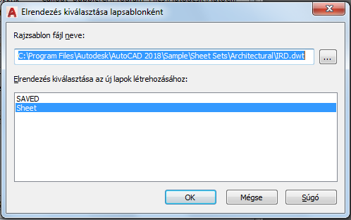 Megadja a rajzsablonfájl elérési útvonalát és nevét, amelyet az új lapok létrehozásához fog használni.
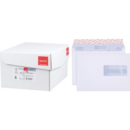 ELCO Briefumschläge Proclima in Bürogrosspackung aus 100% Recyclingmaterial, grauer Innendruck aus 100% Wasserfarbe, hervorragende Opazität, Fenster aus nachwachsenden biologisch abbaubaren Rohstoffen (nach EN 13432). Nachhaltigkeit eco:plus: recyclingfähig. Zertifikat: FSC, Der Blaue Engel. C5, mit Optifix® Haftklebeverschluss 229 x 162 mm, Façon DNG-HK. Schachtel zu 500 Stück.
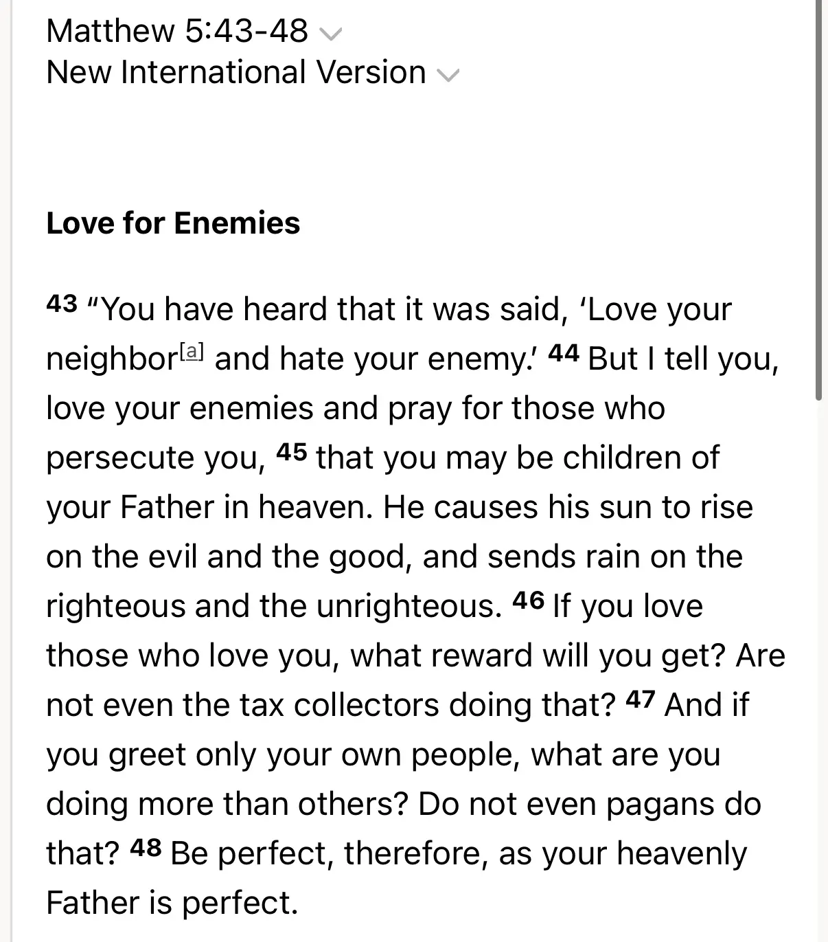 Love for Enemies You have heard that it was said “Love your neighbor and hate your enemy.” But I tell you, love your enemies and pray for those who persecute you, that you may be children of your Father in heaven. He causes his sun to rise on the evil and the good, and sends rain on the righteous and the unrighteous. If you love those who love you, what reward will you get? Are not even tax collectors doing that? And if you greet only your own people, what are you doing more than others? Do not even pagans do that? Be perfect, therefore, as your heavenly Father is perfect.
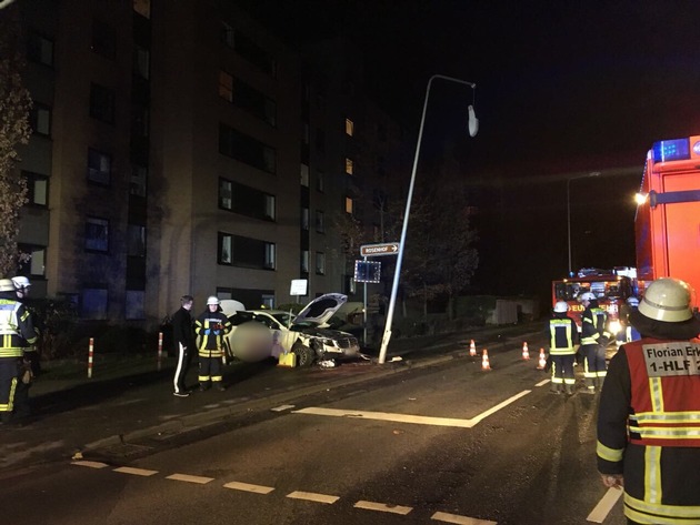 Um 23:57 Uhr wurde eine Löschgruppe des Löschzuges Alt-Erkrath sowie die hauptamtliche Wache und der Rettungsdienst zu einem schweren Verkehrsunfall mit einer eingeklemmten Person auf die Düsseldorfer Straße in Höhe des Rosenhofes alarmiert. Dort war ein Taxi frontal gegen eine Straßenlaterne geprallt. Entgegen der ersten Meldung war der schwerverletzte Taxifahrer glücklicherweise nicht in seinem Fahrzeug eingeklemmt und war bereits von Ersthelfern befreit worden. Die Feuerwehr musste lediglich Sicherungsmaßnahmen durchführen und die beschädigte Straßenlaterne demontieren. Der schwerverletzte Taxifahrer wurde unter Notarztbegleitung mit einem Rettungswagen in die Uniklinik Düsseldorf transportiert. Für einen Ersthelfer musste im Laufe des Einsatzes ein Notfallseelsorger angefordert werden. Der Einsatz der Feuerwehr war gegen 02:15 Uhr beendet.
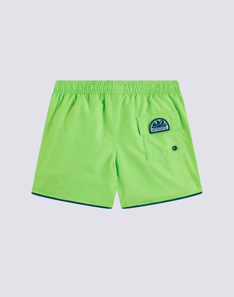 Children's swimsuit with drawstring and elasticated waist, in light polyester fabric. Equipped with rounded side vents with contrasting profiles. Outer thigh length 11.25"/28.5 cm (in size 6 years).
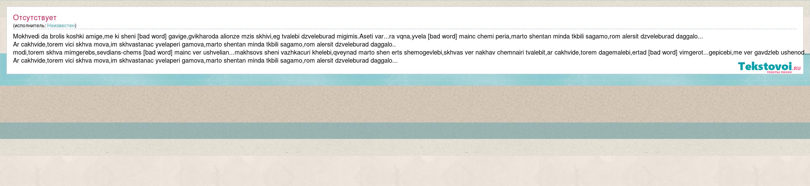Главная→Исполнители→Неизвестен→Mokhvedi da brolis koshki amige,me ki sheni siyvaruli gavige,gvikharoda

TASK TO CARRY OUT: Set out exactly, and only, the lines between the first line of the listing and the line containing "ELCO Briefumschläge Proclima", counting both, while leaving every picture out.

TASK SOLUTION:
 Megadja a rajzsablonfájl elérési útvonalát és nevét, amelyet az új lapok létrehozásához fog használni.
 ELCO Briefumschläge Proclima in Bürogrosspackung aus 100% Recyclingmaterial, grauer Innendruck aus 100% Wasserfarbe, hervorragende Opazität, Fenster aus nachwachsenden biologisch abbaubaren Rohstoffen (nach EN 13432). Nachhaltigkeit eco:plus: recyclingfähig. Zertifikat: FSC, Der Blaue Engel. C5, mit Optifix® Haftklebeverschluss 229 x 162 mm, Façon DNG-HK. Schachtel zu 500 Stück.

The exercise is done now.